Eugene Osty worked for twelve years with a group of psychics and was able to question them closely about their abilities, including the way time was represented to them. M. de Fleuriere saw time symbolically projected “on a semicircular screen,” with the past on the left, the present in the middle and the future on the right. Mme Morel seemed to stand in the stream of time, seeing the past behind her, the present at her side and the future ahead. “Time, as well as Space,” he concluded, “is penetrable by the faculty of super-normal cognition, just as if Time were but an illusory creation of the human mind.”
Saltmarsh also saw that the questions about time arising out of the study of precognition necessarily led to a re-examination of the possibility of life after death, although he did not go further than that. Additionally, he also concluded that the future is both predetermined and what he calls “plastic.”

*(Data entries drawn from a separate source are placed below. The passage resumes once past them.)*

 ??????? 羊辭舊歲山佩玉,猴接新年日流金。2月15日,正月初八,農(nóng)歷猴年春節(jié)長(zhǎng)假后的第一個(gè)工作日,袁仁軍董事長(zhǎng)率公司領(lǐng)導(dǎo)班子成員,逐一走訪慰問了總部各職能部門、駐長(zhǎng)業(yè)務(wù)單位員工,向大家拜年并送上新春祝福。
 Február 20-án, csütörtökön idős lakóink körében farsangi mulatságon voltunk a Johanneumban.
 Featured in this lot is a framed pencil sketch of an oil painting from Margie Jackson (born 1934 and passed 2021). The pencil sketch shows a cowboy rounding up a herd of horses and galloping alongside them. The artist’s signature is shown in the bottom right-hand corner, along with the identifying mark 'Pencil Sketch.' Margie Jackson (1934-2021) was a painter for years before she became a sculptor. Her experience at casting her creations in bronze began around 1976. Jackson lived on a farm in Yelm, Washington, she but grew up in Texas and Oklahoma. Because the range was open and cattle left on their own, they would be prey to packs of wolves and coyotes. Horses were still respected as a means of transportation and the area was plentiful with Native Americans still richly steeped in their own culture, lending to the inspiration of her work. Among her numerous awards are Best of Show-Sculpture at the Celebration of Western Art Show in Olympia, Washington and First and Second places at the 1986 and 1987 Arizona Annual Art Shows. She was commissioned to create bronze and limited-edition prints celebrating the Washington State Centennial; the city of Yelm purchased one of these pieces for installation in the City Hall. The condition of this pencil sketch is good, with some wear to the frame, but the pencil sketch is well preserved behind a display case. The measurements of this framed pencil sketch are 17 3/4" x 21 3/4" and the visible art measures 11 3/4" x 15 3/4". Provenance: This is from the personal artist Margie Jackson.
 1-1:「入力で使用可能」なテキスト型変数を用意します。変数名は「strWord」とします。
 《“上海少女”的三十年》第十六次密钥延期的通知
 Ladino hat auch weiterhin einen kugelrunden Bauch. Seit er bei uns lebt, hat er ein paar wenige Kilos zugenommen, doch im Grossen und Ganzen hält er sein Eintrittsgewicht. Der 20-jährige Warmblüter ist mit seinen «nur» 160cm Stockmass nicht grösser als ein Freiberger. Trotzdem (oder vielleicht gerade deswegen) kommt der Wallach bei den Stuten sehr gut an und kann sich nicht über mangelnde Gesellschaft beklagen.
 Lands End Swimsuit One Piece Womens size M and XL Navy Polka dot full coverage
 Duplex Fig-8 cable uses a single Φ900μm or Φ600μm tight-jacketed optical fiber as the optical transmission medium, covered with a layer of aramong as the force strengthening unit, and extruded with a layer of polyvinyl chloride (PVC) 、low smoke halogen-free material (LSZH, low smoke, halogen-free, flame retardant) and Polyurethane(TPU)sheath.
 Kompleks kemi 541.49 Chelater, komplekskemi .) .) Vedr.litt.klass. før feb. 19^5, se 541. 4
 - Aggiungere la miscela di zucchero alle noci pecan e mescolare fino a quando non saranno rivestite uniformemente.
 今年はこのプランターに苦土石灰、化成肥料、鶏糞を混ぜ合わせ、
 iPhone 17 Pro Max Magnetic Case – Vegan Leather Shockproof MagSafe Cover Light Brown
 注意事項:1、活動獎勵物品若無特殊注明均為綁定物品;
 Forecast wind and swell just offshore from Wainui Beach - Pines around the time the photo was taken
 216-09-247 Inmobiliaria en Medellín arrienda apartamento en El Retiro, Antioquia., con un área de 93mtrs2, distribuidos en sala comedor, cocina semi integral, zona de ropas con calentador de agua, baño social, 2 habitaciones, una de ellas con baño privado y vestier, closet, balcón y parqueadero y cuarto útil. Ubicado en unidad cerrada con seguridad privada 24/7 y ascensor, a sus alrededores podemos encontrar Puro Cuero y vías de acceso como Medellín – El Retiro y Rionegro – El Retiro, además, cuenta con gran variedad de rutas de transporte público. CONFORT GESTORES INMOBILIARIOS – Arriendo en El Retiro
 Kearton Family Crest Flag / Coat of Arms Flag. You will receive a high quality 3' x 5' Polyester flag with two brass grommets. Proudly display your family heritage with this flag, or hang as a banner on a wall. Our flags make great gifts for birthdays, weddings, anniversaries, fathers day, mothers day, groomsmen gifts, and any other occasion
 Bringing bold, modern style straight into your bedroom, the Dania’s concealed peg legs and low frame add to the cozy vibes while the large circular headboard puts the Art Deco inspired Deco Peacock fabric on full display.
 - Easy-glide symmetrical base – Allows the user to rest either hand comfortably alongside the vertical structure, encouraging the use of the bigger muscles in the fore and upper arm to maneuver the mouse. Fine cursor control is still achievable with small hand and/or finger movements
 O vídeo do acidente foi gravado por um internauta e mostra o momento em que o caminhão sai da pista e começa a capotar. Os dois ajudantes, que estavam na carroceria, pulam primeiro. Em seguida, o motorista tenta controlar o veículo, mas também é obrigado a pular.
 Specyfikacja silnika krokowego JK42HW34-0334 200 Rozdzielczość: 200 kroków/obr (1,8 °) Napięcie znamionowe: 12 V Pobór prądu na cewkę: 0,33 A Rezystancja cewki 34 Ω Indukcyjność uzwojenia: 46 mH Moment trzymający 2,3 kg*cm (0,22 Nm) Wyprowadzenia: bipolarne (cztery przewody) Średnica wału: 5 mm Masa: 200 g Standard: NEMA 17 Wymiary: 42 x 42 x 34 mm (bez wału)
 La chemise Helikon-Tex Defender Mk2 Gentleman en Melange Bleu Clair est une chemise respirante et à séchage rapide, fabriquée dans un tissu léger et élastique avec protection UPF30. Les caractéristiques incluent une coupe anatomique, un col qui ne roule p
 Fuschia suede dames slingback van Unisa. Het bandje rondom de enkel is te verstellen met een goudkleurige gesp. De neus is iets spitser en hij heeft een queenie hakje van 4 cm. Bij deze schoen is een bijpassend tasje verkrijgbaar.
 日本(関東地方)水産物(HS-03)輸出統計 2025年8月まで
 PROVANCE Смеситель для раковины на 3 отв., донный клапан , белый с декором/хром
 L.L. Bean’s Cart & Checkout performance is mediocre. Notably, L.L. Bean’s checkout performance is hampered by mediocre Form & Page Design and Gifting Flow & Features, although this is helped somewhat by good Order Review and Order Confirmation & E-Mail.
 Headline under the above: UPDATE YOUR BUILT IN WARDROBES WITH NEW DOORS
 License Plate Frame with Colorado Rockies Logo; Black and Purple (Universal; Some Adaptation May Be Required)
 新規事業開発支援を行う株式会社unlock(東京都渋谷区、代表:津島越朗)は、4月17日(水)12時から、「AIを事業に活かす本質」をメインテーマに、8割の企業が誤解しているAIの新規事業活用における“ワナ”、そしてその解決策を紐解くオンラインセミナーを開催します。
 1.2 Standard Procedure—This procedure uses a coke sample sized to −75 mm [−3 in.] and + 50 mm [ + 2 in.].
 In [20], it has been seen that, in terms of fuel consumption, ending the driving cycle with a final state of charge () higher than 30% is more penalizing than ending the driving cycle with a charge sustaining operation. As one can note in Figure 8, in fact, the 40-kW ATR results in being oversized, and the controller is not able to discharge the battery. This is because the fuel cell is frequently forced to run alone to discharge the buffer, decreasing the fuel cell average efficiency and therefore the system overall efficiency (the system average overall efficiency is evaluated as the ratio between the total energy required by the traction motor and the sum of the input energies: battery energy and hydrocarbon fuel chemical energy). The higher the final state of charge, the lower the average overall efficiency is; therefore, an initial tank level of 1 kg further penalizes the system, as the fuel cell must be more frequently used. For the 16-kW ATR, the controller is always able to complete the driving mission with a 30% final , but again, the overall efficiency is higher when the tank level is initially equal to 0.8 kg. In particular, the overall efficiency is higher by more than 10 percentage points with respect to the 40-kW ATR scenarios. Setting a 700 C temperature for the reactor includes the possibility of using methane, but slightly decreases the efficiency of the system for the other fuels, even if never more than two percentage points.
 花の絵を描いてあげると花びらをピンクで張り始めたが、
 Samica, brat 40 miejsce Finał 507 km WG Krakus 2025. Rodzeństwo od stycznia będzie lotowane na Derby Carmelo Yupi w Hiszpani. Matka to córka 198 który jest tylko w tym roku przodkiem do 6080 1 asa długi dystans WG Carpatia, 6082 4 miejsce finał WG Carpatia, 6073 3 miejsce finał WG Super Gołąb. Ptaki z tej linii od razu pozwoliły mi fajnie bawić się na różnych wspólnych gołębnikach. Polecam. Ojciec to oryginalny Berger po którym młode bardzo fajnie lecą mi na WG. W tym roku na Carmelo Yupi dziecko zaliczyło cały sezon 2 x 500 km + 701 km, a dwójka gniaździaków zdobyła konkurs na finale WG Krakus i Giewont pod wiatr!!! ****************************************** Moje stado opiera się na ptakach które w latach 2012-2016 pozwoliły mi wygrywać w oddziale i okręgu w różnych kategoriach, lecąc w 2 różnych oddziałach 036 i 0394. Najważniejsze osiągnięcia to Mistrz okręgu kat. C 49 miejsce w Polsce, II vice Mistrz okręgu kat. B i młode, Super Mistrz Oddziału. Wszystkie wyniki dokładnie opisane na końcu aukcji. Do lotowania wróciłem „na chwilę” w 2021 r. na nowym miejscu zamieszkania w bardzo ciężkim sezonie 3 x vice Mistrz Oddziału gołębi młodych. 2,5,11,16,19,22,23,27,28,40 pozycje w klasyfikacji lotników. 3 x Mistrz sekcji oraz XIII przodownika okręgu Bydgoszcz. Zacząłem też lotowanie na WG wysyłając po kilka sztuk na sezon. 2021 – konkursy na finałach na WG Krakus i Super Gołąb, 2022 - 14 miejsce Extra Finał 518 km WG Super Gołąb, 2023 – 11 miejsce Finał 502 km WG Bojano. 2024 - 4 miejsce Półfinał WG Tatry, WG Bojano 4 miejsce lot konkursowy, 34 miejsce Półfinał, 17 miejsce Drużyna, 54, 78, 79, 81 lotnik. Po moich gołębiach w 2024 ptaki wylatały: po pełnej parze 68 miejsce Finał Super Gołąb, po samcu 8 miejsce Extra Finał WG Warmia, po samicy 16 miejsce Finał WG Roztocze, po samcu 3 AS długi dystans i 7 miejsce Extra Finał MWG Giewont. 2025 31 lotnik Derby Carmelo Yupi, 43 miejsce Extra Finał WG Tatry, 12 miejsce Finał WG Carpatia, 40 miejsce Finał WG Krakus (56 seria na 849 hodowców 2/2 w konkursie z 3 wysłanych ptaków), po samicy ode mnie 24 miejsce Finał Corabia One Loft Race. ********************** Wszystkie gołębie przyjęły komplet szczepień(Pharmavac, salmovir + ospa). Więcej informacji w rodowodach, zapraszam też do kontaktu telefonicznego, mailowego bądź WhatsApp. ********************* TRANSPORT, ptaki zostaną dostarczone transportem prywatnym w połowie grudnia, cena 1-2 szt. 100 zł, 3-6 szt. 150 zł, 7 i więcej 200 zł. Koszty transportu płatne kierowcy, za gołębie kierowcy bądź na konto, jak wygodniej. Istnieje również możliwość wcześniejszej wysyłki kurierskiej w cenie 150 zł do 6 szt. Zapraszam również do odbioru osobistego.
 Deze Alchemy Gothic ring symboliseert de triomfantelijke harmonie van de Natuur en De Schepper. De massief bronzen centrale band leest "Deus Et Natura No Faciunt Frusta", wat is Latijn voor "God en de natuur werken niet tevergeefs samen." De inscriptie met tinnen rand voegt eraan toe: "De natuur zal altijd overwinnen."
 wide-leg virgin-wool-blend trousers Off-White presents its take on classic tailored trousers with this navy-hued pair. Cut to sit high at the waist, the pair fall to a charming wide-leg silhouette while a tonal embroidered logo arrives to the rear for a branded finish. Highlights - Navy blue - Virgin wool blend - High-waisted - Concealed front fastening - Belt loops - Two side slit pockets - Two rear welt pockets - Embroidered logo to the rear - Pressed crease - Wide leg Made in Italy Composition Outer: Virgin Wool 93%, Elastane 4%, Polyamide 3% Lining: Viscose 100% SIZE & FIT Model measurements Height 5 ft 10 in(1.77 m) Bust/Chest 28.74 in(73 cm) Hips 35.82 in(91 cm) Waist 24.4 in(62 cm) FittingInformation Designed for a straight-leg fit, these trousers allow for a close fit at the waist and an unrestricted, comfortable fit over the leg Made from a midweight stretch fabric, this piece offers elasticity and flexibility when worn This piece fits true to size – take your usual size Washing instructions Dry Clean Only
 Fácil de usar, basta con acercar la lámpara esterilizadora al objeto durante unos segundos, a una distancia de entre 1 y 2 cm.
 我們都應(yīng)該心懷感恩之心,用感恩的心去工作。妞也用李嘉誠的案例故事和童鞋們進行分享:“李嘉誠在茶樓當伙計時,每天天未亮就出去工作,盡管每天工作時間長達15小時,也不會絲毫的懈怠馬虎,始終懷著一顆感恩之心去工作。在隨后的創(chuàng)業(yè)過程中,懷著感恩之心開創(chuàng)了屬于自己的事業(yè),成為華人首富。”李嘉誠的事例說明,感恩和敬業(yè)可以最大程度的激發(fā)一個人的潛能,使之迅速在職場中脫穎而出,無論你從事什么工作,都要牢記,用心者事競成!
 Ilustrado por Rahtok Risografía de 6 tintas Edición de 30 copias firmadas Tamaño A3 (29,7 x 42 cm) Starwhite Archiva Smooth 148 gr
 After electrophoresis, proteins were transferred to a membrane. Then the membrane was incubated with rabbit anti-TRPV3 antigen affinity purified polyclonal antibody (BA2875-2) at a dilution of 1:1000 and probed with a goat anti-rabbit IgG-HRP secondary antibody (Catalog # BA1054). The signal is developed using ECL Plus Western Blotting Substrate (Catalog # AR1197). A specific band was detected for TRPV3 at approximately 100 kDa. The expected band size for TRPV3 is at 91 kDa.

Experiments continued after the closure of the original Premonitions Bureau. The remote viewing pioneer Ingo Swann (1933–2013) ran the American Prophecy Project from November 1989 to December 1990. The Estate of Ingo Swann relaunched this as the Prophecy Project in 2018. The website UKPsychics.com also ran an online “Premonitions Registry” from 1999 to 2005.
Dr. Jeffrey Mishlove also ran a premonitions registry as a restricted access group on Yahoo from 2001, following the 9/11 Islamic terrorist attacks. There have been several attempts to recreate Barker’s original experiment, including a growing business in commercial precognition aimed at predicting market trends.
After a year working on what she called “a classified project for the United States government” (i.e., Project Star Gate), the President of the American Statistical Association, and professor of statistics at the University of California, Davis, Jessica Utts, reported:
The data in support of precognition and possibly other related phenomena are quite strong statistically and would be widely accepted if it pertained to something more mundane. Yet, most scientists reject the possible reality of these abilities without ever looking at data!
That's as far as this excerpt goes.